Everything from the line with "Na našich kurzech" down to the line with "This enormous 14mm" below must be printed exactly, those two lines included. Exclude pictures.
== TASK INPUTS ==
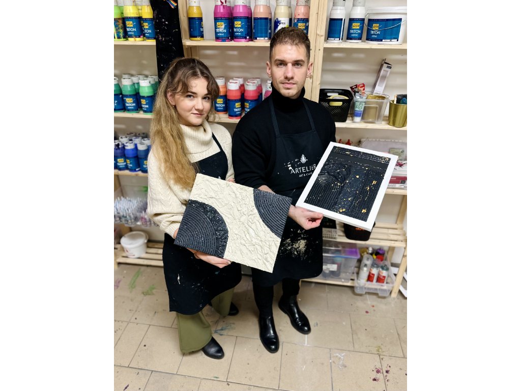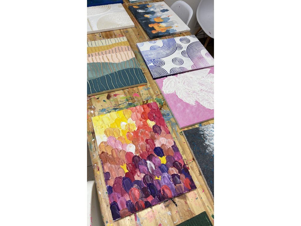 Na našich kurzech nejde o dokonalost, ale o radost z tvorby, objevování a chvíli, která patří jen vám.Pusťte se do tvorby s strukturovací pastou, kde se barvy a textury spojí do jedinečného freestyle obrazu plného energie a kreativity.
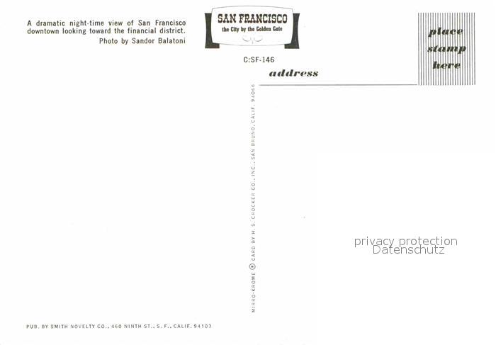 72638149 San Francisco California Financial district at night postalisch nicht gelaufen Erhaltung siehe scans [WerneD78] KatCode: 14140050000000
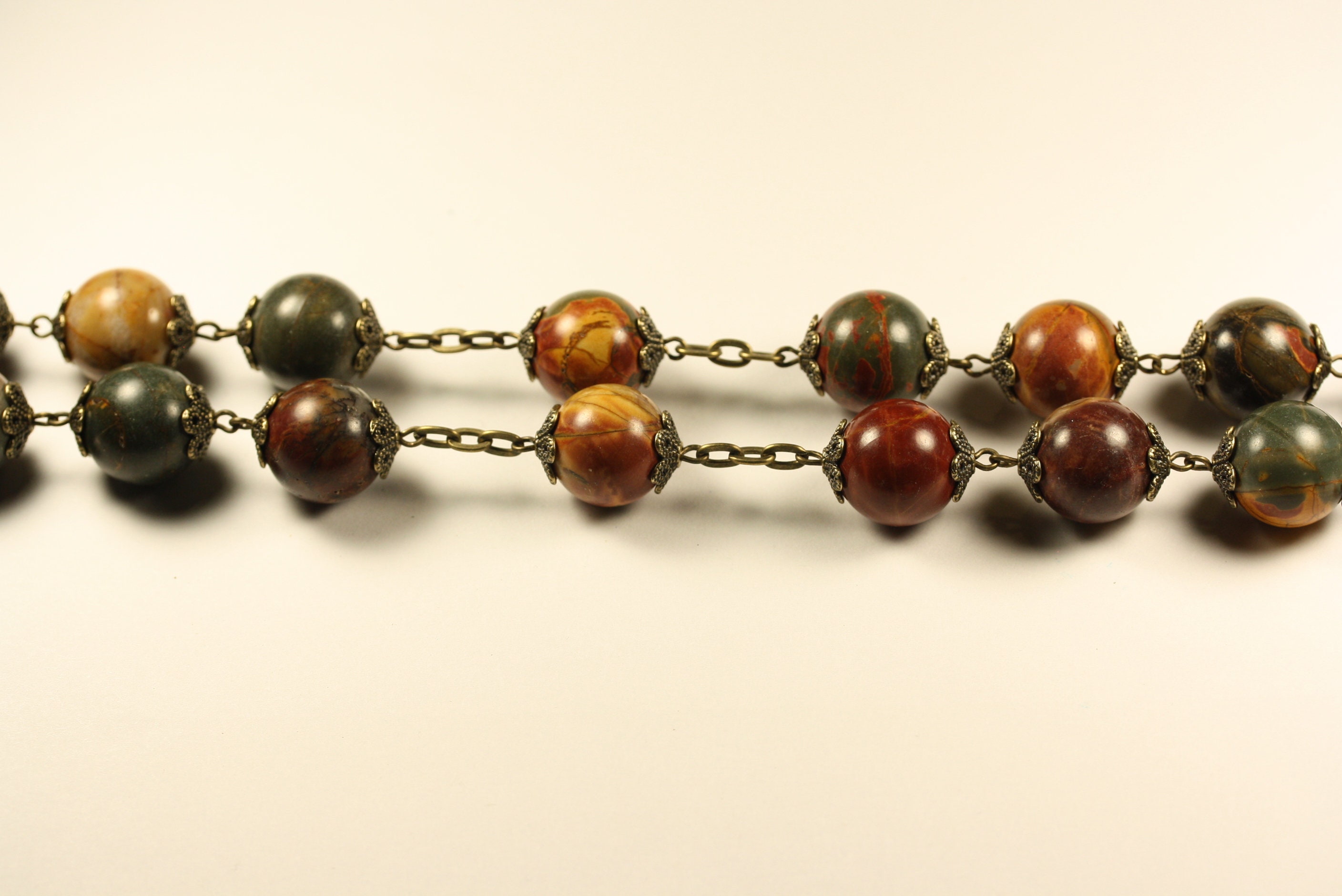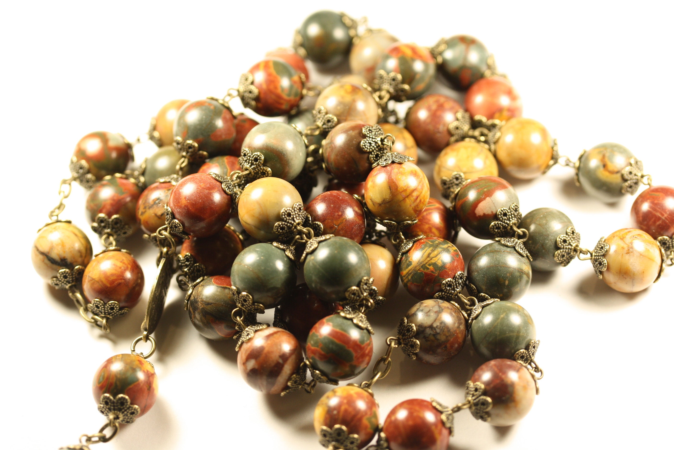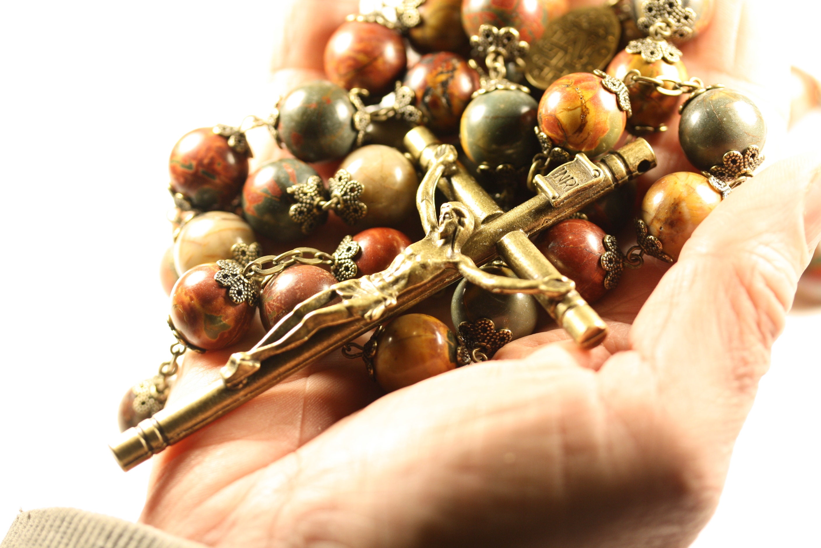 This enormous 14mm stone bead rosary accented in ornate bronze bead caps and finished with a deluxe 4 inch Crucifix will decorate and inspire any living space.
===
== TASK INPUTS ==
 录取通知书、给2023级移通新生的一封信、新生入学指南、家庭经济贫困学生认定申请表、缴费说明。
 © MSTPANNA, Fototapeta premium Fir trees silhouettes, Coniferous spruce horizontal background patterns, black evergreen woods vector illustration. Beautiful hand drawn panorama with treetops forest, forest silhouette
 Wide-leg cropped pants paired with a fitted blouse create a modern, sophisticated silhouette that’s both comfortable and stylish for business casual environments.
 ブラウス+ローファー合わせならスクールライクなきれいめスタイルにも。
===
== TASK INPUTS ==
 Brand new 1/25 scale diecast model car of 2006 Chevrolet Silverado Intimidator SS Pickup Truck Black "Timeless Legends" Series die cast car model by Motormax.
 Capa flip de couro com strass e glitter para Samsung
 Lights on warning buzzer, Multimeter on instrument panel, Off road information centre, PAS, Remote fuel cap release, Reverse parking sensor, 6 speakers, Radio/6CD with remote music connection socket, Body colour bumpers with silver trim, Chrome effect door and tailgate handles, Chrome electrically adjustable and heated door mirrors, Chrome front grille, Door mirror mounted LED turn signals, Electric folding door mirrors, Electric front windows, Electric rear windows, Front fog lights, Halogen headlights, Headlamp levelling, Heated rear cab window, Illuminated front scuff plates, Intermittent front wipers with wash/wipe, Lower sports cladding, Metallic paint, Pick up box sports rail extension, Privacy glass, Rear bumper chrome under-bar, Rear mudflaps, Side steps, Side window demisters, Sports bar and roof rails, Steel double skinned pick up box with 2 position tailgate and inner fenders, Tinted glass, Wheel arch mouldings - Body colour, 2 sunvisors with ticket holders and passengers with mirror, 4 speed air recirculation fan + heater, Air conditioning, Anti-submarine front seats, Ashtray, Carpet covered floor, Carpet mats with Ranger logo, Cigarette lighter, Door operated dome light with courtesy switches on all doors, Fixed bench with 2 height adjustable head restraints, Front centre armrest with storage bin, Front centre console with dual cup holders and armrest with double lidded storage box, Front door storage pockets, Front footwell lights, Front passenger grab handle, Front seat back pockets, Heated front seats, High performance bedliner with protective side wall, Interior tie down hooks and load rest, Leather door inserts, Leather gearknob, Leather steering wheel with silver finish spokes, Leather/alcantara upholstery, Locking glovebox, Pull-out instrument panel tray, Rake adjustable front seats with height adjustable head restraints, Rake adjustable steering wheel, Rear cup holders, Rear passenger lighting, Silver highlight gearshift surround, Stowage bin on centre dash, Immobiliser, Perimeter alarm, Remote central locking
===
**RESPONSE TO THE TASK:**
 Na našich kurzech nejde o dokonalost, ale o radost z tvorby, objevování a chvíli, která patří jen vám.Pusťte se do tvorby s strukturovací pastou, kde se barvy a textury spojí do jedinečného freestyle obrazu plného energie a kreativity.
 72638149 San Francisco California Financial district at night postalisch nicht gelaufen Erhaltung siehe scans [WerneD78] KatCode: 14140050000000
 This enormous 14mm stone bead rosary accented in ornate bronze bead caps and finished with a deluxe 4 inch Crucifix will decorate and inspire any living space.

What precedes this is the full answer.